This short notebook aims to show the difference in PIT values computed now and in the past (for DC1 paper).
Three sets of PIT values are comapared:
A subset of the data (1%) is used for the purpose of illustration. Computing the PITs using scipy.integrate.quad would take many hours for the ~399k galaxies present in DC1 sample.
from sample import Sample
import matplotlib.pyplot as plt
import numpy as np
import os
%matplotlib inline
%reload_ext autoreload
%autoreload 2
my_path = "/Users/julia/TESTDC1FLEXZ"
pdfs_file = os.path.join(my_path, "1pct_Mar5Flexzgold_pz.out")
ztrue_file = os.path.join(my_path, "1pct_Mar5Flexzgold_idszmag.out")
oldpitfile = os.path.join(my_path,"1pct_TESTPITVALS.out") # TESTPITVALS.out masked by object ids in 1pct files
%%time
sample_qp_pit = Sample(pdfs_file, ztrue_file, code="FlexZBoost", name="DC1 paper data", qp_pit=True)
print(sample_qp_pit)
---------------------- Sample: DC1 paper data Algorithm: FlexZBoost ---------------------- 3993 PDFs with 200 probabilities each qp representation: interp z grid: 200 z values from 0.016282 to 1.99986 inclusive CPU times: user 599 ms, sys: 58.6 ms, total: 658 ms Wall time: 811 ms
%%time
pit_qp = sample_qp_pit.pit
CPU times: user 9.2 s, sys: 153 ms, total: 9.36 s Wall time: 10.6 s
%%time
sample_scipy_pit = Sample(pdfs_file, ztrue_file, code="FlexZBoost", name="DC1 paper data", qp_pit=False)
print(sample_scipy_pit)
---------------------- Sample: DC1 paper data Algorithm: FlexZBoost ---------------------- 3993 PDFs with 200 probabilities each qp representation: interp z grid: 200 z values from 0.016282 to 1.99986 inclusive CPU times: user 546 ms, sys: 42 ms, total: 588 ms Wall time: 637 ms
%%time
pit_scipy = sample_scipy_pit.pit
/Users/julia/github/RAIL/rail/evaluation/sample.py:116: IntegrationWarning: The maximum number of subdivisions (50) has been achieved. If increasing the limit yields no improvement it is advised to analyze the integrand in order to determine the difficulties. If the position of a local difficulty can be determined (singularity, discontinuity) one will probably gain from splitting up the interval and calling the integrator on the subranges. Perhaps a special-purpose integrator should be used. self._pit[i] = quad(tmpfunc, 0, self._ztrue[i])[0] /Users/julia/github/RAIL/rail/evaluation/sample.py:116: IntegrationWarning: The occurrence of roundoff error is detected, which prevents the requested tolerance from being achieved. The error may be underestimated. self._pit[i] = quad(tmpfunc, 0, self._ztrue[i])[0]

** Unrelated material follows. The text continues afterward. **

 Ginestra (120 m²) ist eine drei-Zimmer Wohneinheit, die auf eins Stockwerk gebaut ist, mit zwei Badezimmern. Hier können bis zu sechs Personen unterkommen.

CPU times: user 2min 35s, sys: 2.12 s, total: 2min 38s Wall time: 2min 56s
pit_dc1 = np.loadtxt(oldpitfile, skiprows=1,usecols=(1))
plt.figure(figsize=[7,5])
plt.subplot(211)
plt.plot(pit_dc1, pit_qp - pit_dc1, 'k,')

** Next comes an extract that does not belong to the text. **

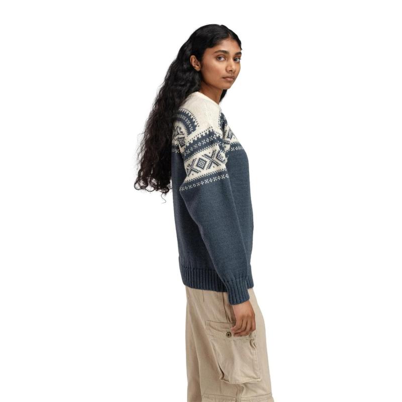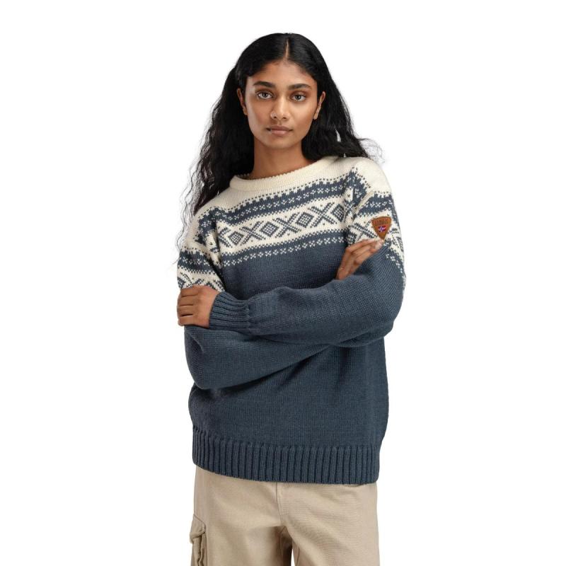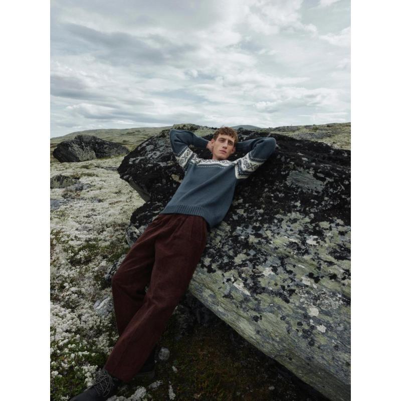 Dale of Norway Cortina 1956 ullgenser til dame og herre var Dales første offisielle OL-genser, originalt designet for vinter-OL i Cortina d'Ampezzo i 1956 av Bitte Eriksen. Det ikoniske mønsteret med dype røtter i norsk tradisjonshåndverk har blitt et av Norges mest elskede design. Cortina 1956 ullgenser benytter Plover-garn. Dette garnet er fremstilt av en blanding av ull fra norske sauer og har vært en del av Dale-familien siden 1939 takket være dets unike kvaliteter og konsistente popularitet gjennom tidene. Norsk ull er en av verdens mest dyrevennlige tekstilfibre takket være sauens frie fjellbeiting. Ulla som Dale benytter kommer fra sauer som går fritt i norske fjellsider og beiter på naturlige beiteområder med rikelig tilgang til næring, vann og frisk luft. Cortina 1956 er et unisex-plagg og tar utgangspunkt i herrestørrelser. Av den grunn anbefales det at damer går ned én størrelse fra det de vanligvis benytter.

plt.plot([0,1], [0,0], 'r--', lw=3)
plt.xlabel("PIT DC1")
plt.ylabel("PIT$_{qp}$ - PIT DC1")
plt.xlim(0,1)
plt.ylim(-0.01, 0.01)
plt.subplot(212)
plt.plot(pit_dc1, pit_scipy - pit_dc1, 'k,')
plt.plot([0,1], [0,0], 'r--', lw=3)
plt.xlabel("PIT DC1")
plt.ylabel("PIT$_{scipy}$ - PIT DC1")
plt.xlim(0,1)
plt.ylim(-0.01, 0.01)
plt.tight_layout()
Conclusion: using qp
causes small discrepancies in the PIT values compared to the reference results (DC1), which would be negligible if using the scipy
integration method. However, the latter is not as efficient as qp, and can make the computation unfeasible if the dataset is larger.